Work item
Skip the pictures. Give all the data again exactly.

The input
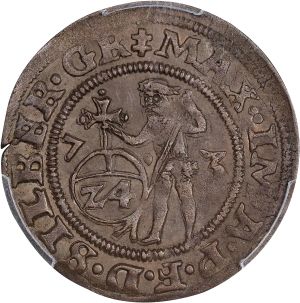 This specimen was lot 73638 in Stack's Bowers Collector's Choice sale (Costa Mesa, CA, November 2023), where it sold for $168. The catalog description[1] noted, "GERMANY. Brunswick-Luneburg: Wolfenbuttel. 1/24 Taler, "73" (1573). Goslar Mint. Julius. PCGS AU-55. An early example of the Wild Man motif, this coin exhibits good detail from a solid strike on a well-prepared flan, thus the design and legends have an alluring clarity. Steel gray surfaces are augmented by champagne across the entirety of the coin. Attractive. From the Robert C. Knepper Collection." This type was struck 1572-77 and is not expensive in worn condition. All bear two digit dates.
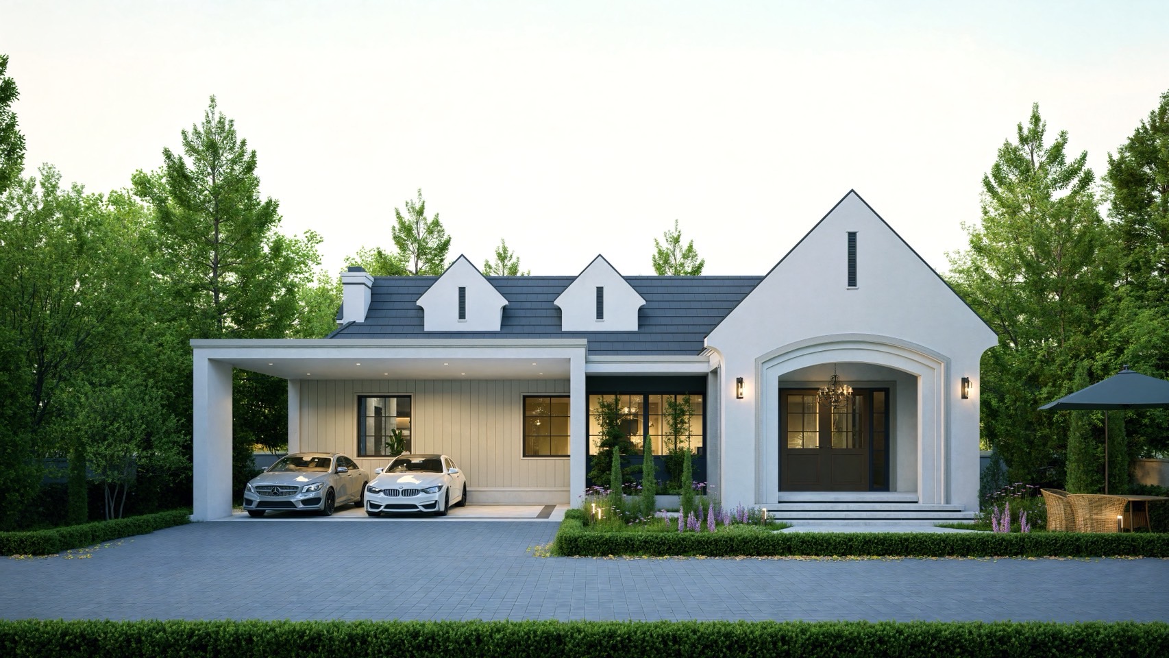 จุดเด่น: ห้องนั่งเล่นแบบ Double Volume สูงโปร่ง, สวนส่วนตัวด้านหลัง, ครัวไทยและครัวฝรั่งแยกโซน, ระบบ Smart Lighting & Home Automation เบื้องต้น
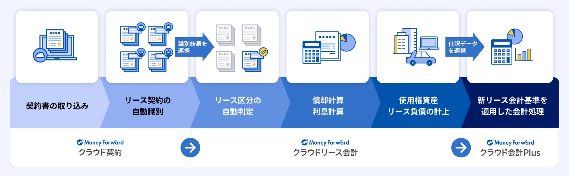 「AIリース識別機能」を提供し、リースと識別された契約情報を『マネーフォワード クラウドリース会計』に連携する機能を提供予定です。※2
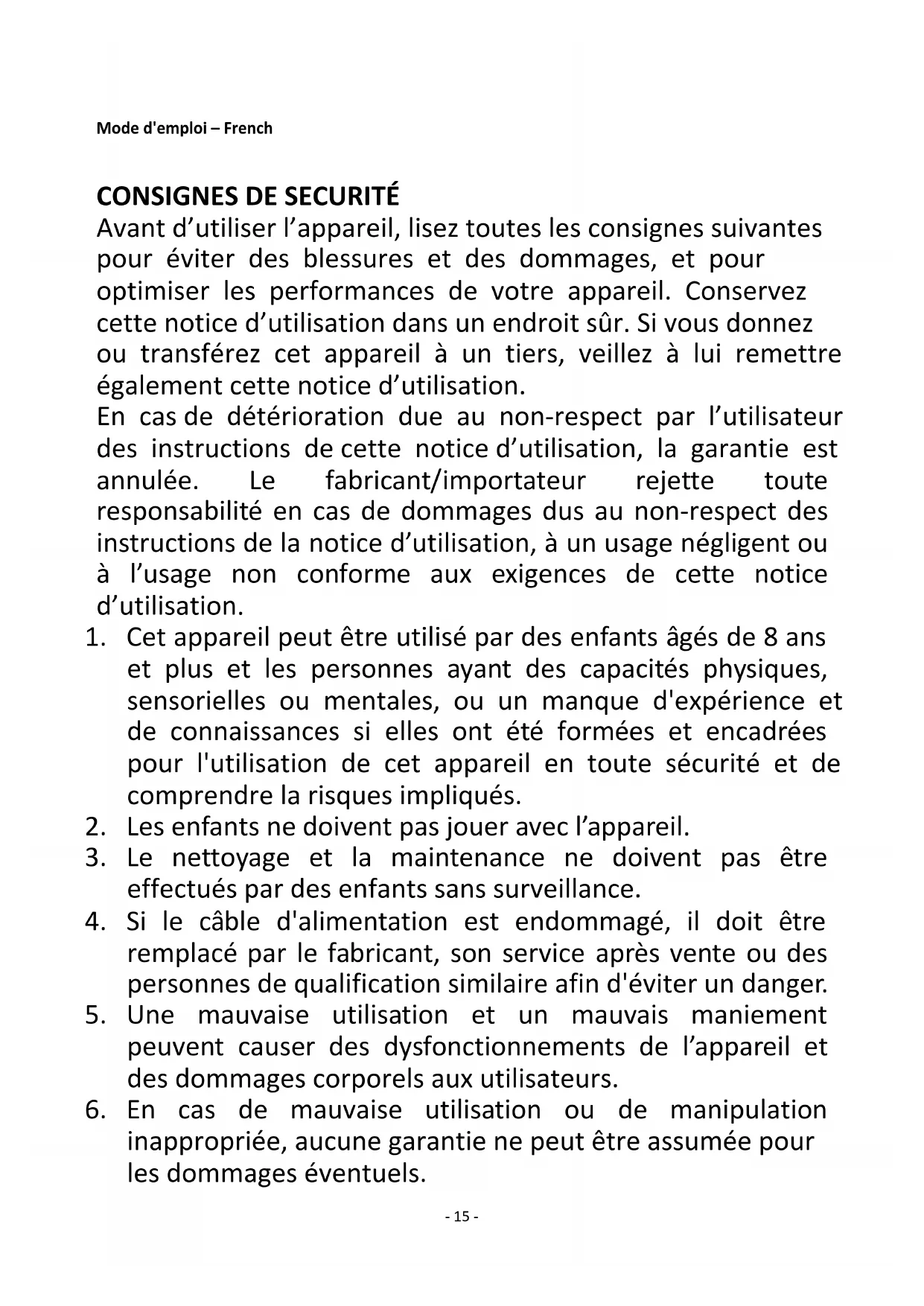 Avant d’utiliser l’appareil, lisez toutes les consignes suivantes pour éviter des blessures et des dommages, et pour optimiser les performances de votre appareil. Conservez cette notice d’utilisation dans un endroit sûr. Si vous donnez ou transférez cet appareil à un tiers, veillez à lui remettre également cette notice d’utilisation. En cas de détérioration due au non-respect par l’utilisateur des instructions de cette notice d’utilisation, la garantie est annulée. Le fabricant/importateur rejette toute responsabilité en cas de dommages dus au non-respect des instructions de la notice d’utilisation, à un usage négligent ou à l’usage non conforme aux exigences de cette notice d’utilisation.
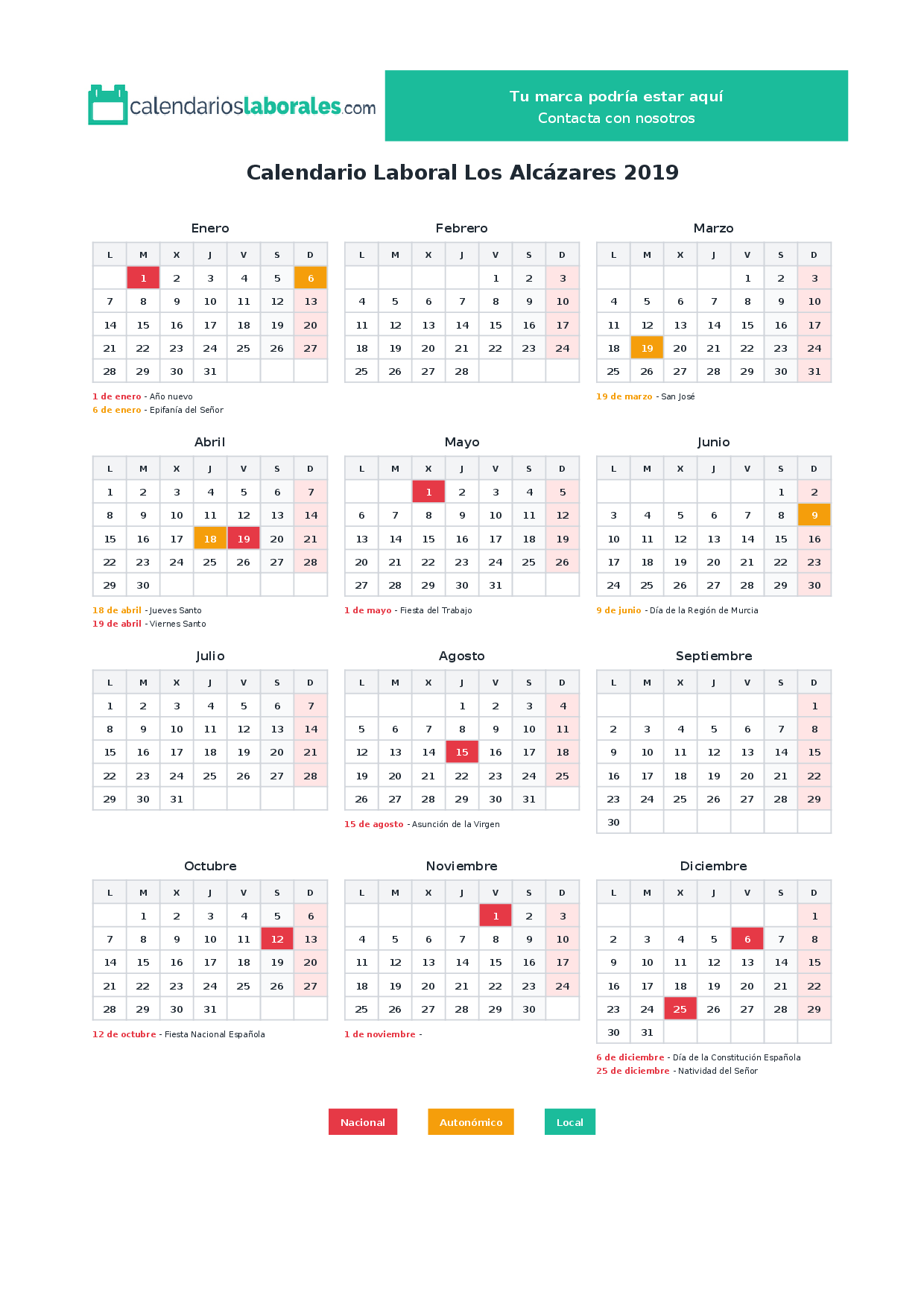 Puedes consultar también el calendario laboral de Murcia o el calendario autonómico de Murcia para más información.
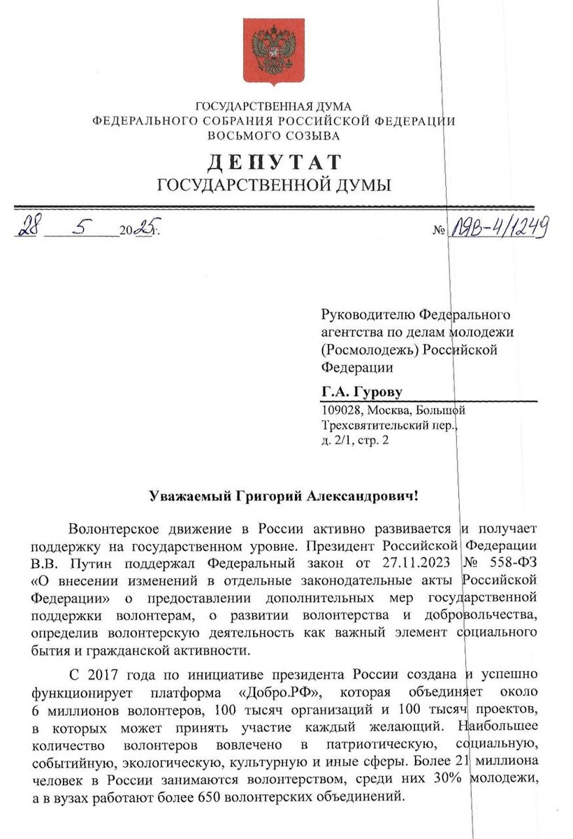 ❤️Предложила расширить региональный функционал платформы "Добро.рф" 📩 Направила соответствующее письмо главе Росмолодежи Григорию Гурову. ℹ️Система "Добро.рф" успешно функционирует и является важным инструментом для координации добровольцев по всей стране. Однако федеральная площадка, не создает условий для координации волонтеров на микроуровне, в результате чего регионы вынуждены делать это за счет своих ресурсов. 🖥Предлагаю создать в федеральной системе "Добро.рф" единую сеть региональных ресурсных центров, которая бы позволила просматривать списки волонтеров в регионах и устанавливать контакты с местными волонтерами, занятыми в реализации отдельных муниципальных проектов, организовывать партнерства волонтерских организаций непосредственно внутри платформы. 🖥Это позволит отказаться от поддержки отдельных цифровых экосистем в каждом регионе, что, в свою очередь, сократит расходы, дублирование функций и обеспечит единые стандарты координации волонтерского движения.
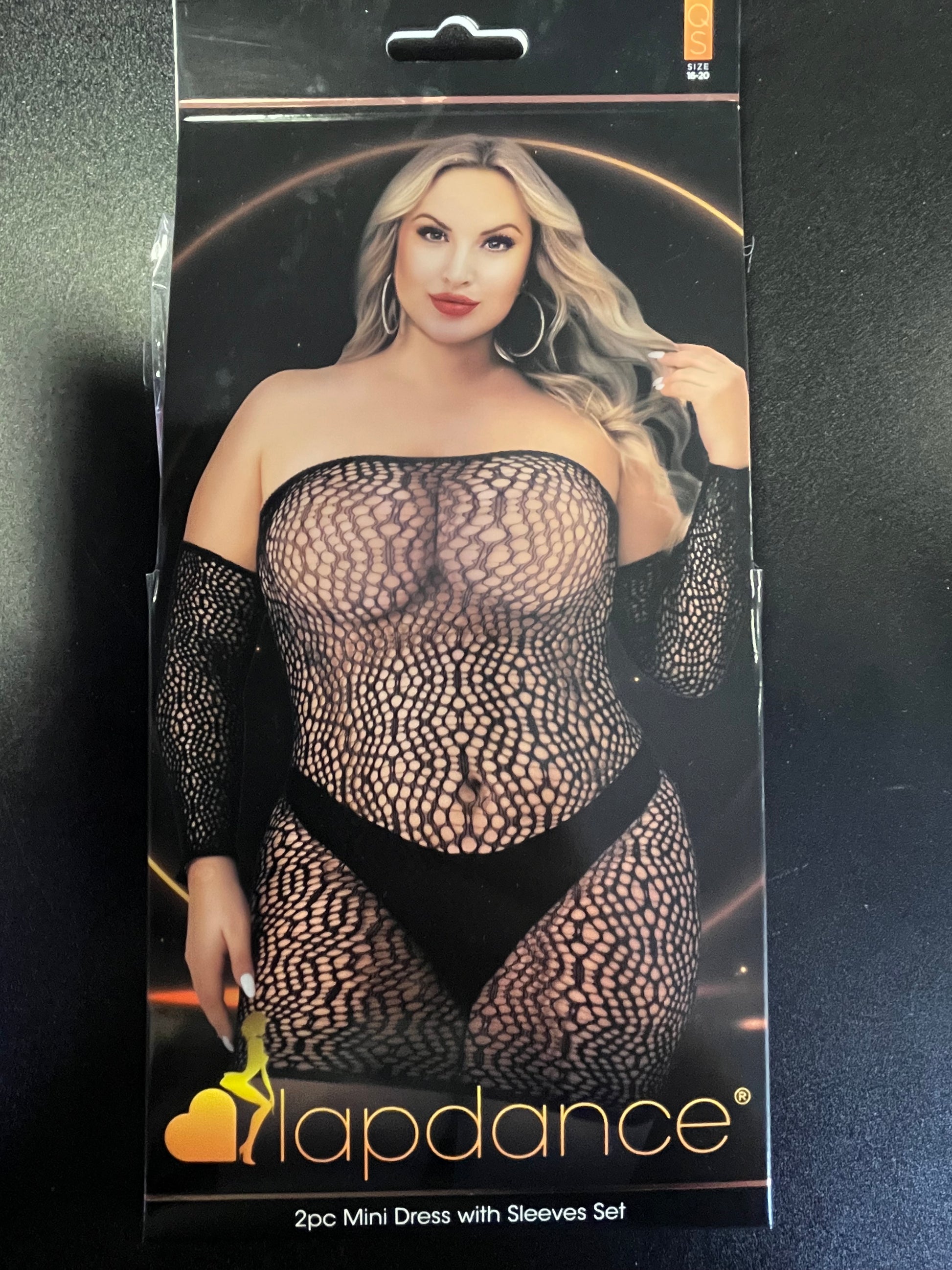 The Lapdance Lingerie two-piece mini dress with sleeves set is a seductive and captivating ensemble that reveals just enough to entice the imagination. Crafted from a luxurious blend of nylon and spandex, this black outfit boasts a captivating pattern of different-sized holes, creating a mesmerizing peek-through effect. The form-fitting mini dress accentuates every curve, while the included sleeves add an edgy touch of sophistication. Perfect for those who want to make a bold and unforgettable statement, this set is designed to showcase all that lies beneath.
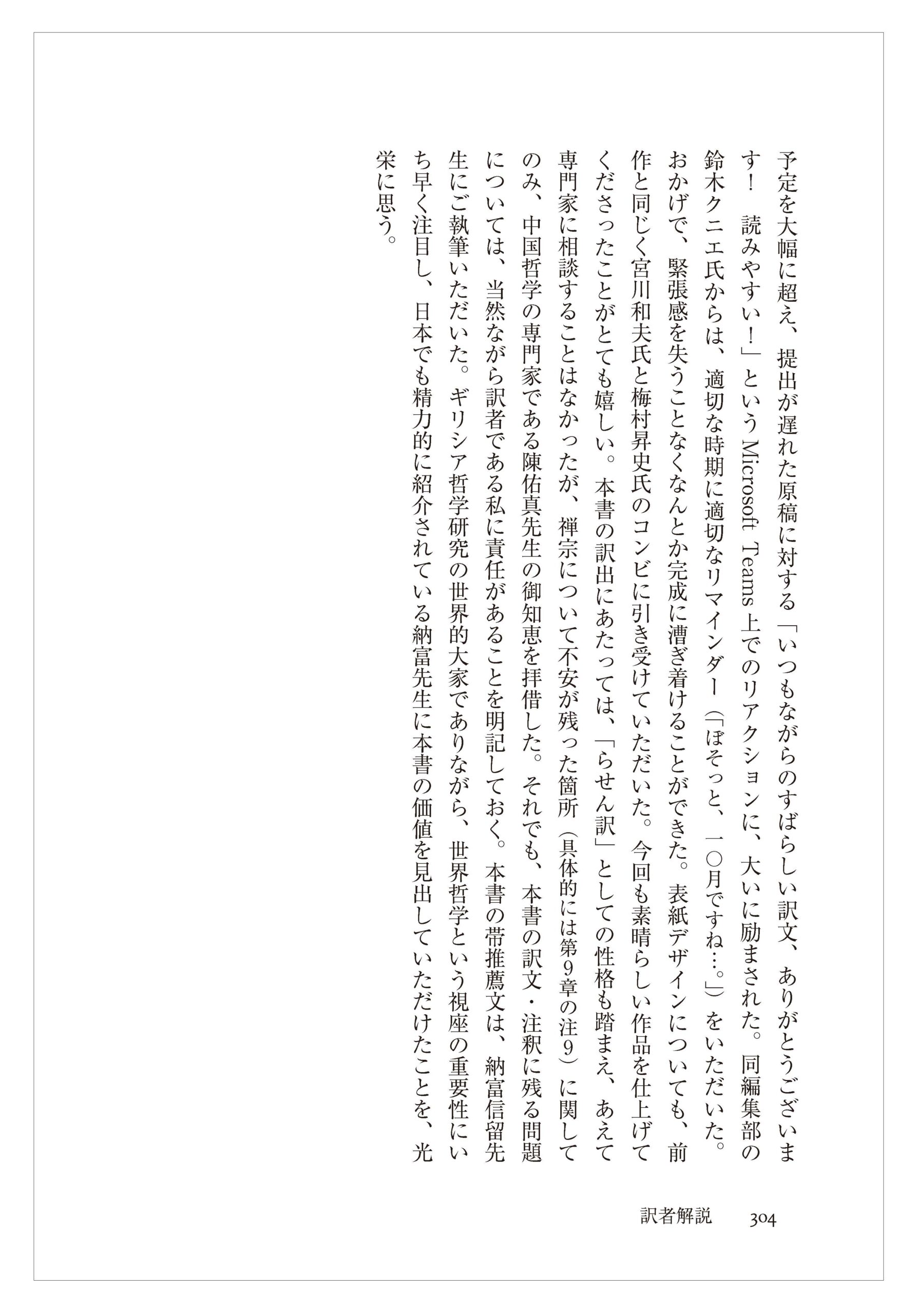 本書の刊行にあたり、次の方々より重要なご支援とご助力を賜った。ここに厚く御礼申し上げる。本書の編集作業をご担当くださったのは、拙訳『アメリカ哲学入門』に引き続き、山田政弘氏である。当初の予定を大幅に超え、提出が遅れた原稿に対する「いつもながらのすばらしい訳文、ありがとうございます! 読みやすい!」というMicrosoft Teams 上でのリアクションに、大いに励まされた。同編集部の鈴木クニエ氏からは、適切な時期に適切なリマインダー(「ぼそっと、一〇月ですね…。」)をいただいた。おかげで、緊張感を失うことなくなんとか完成に漕ぎ着けることができた。表紙デザインについても、前作と同じく宮川和夫氏と梅村昇史氏のコンビに引き受けていただいた。今回も素晴らしい作品を仕上げてくださったことがとても嬉しい。本書の訳出にあたっては、「らせん訳」としての性格も踏まえ、あえて専門家に相談することはなかったが、禅宗について不安が残った箇所(具体的には第9章の注9)に関してのみ、中国哲学の専門家である陳佑真先生の御知恵を拝借した。それでも、本書の訳文・注釈に残る問題については、当然ながら訳者である私に責任があることを明記しておく。本書の帯推薦文は、納富信留先生にご執筆いただいた。ギリシア哲学研究の世界的大家でありながら、世界哲学という視座の重要性にいち早く注目し、日本でも精力的に紹介されている納富先生に本書の価値を見出していただけたことを、光栄に思う。

Result below
 This specimen was lot 73638 in Stack's Bowers Collector's Choice sale (Costa Mesa, CA, November 2023), where it sold for $168. The catalog description[1] noted, "GERMANY. Brunswick-Luneburg: Wolfenbuttel. 1/24 Taler, "73" (1573). Goslar Mint. Julius. PCGS AU-55. An early example of the Wild Man motif, this coin exhibits good detail from a solid strike on a well-prepared flan, thus the design and legends have an alluring clarity. Steel gray surfaces are augmented by champagne across the entirety of the coin. Attractive. From the Robert C. Knepper Collection." This type was struck 1572-77 and is not expensive in worn condition. All bear two digit dates.
 จุดเด่น: ห้องนั่งเล่นแบบ Double Volume สูงโปร่ง, สวนส่วนตัวด้านหลัง, ครัวไทยและครัวฝรั่งแยกโซน, ระบบ Smart Lighting & Home Automation เบื้องต้น
 「AIリース識別機能」を提供し、リースと識別された契約情報を『マネーフォワード クラウドリース会計』に連携する機能を提供予定です。※2
 Avant d’utiliser l’appareil, lisez toutes les consignes suivantes pour éviter des blessures et des dommages, et pour optimiser les performances de votre appareil. Conservez cette notice d’utilisation dans un endroit sûr. Si vous donnez ou transférez cet appareil à un tiers, veillez à lui remettre également cette notice d’utilisation. En cas de détérioration due au non-respect par l’utilisateur des instructions de cette notice d’utilisation, la garantie est annulée. Le fabricant/importateur rejette toute responsabilité en cas de dommages dus au non-respect des instructions de la notice d’utilisation, à un usage négligent ou à l’usage non conforme aux exigences de cette notice d’utilisation.
 Puedes consultar también el calendario laboral de Murcia o el calendario autonómico de Murcia para más información.
 ❤️Предложила расширить региональный функционал платформы "Добро.рф" 📩 Направила соответствующее письмо главе Росмолодежи Григорию Гурову. ℹ️Система "Добро.рф" успешно функционирует и является важным инструментом для координации добровольцев по всей стране. Однако федеральная площадка, не создает условий для координации волонтеров на микроуровне, в результате чего регионы вынуждены делать это за счет своих ресурсов. 🖥Предлагаю создать в федеральной системе "Добро.рф" единую сеть региональных ресурсных центров, которая бы позволила просматривать списки волонтеров в регионах и устанавливать контакты с местными волонтерами, занятыми в реализации отдельных муниципальных проектов, организовывать партнерства волонтерских организаций непосредственно внутри платформы. 🖥Это позволит отказаться от поддержки отдельных цифровых экосистем в каждом регионе, что, в свою очередь, сократит расходы, дублирование функций и обеспечит единые стандарты координации волонтерского движения.
 The Lapdance Lingerie two-piece mini dress with sleeves set is a seductive and captivating ensemble that reveals just enough to entice the imagination. Crafted from a luxurious blend of nylon and spandex, this black outfit boasts a captivating pattern of different-sized holes, creating a mesmerizing peek-through effect. The form-fitting mini dress accentuates every curve, while the included sleeves add an edgy touch of sophistication. Perfect for those who want to make a bold and unforgettable statement, this set is designed to showcase all that lies beneath.
 本書の刊行にあたり、次の方々より重要なご支援とご助力を賜った。ここに厚く御礼申し上げる。本書の編集作業をご担当くださったのは、拙訳『アメリカ哲学入門』に引き続き、山田政弘氏である。当初の予定を大幅に超え、提出が遅れた原稿に対する「いつもながらのすばらしい訳文、ありがとうございます! 読みやすい!」というMicrosoft Teams 上でのリアクションに、大いに励まされた。同編集部の鈴木クニエ氏からは、適切な時期に適切なリマインダー(「ぼそっと、一〇月ですね…。」)をいただいた。おかげで、緊張感を失うことなくなんとか完成に漕ぎ着けることができた。表紙デザインについても、前作と同じく宮川和夫氏と梅村昇史氏のコンビに引き受けていただいた。今回も素晴らしい作品を仕上げてくださったことがとても嬉しい。本書の訳出にあたっては、「らせん訳」としての性格も踏まえ、あえて専門家に相談することはなかったが、禅宗について不安が残った箇所(具体的には第9章の注9)に関してのみ、中国哲学の専門家である陳佑真先生の御知恵を拝借した。それでも、本書の訳文・注釈に残る問題については、当然ながら訳者である私に責任があることを明記しておく。本書の帯推薦文は、納富信留先生にご執筆いただいた。ギリシア哲学研究の世界的大家でありながら、世界哲学という視座の重要性にいち早く注目し、日本でも精力的に紹介されている納富先生に本書の価値を見出していただけたことを、光栄に思う。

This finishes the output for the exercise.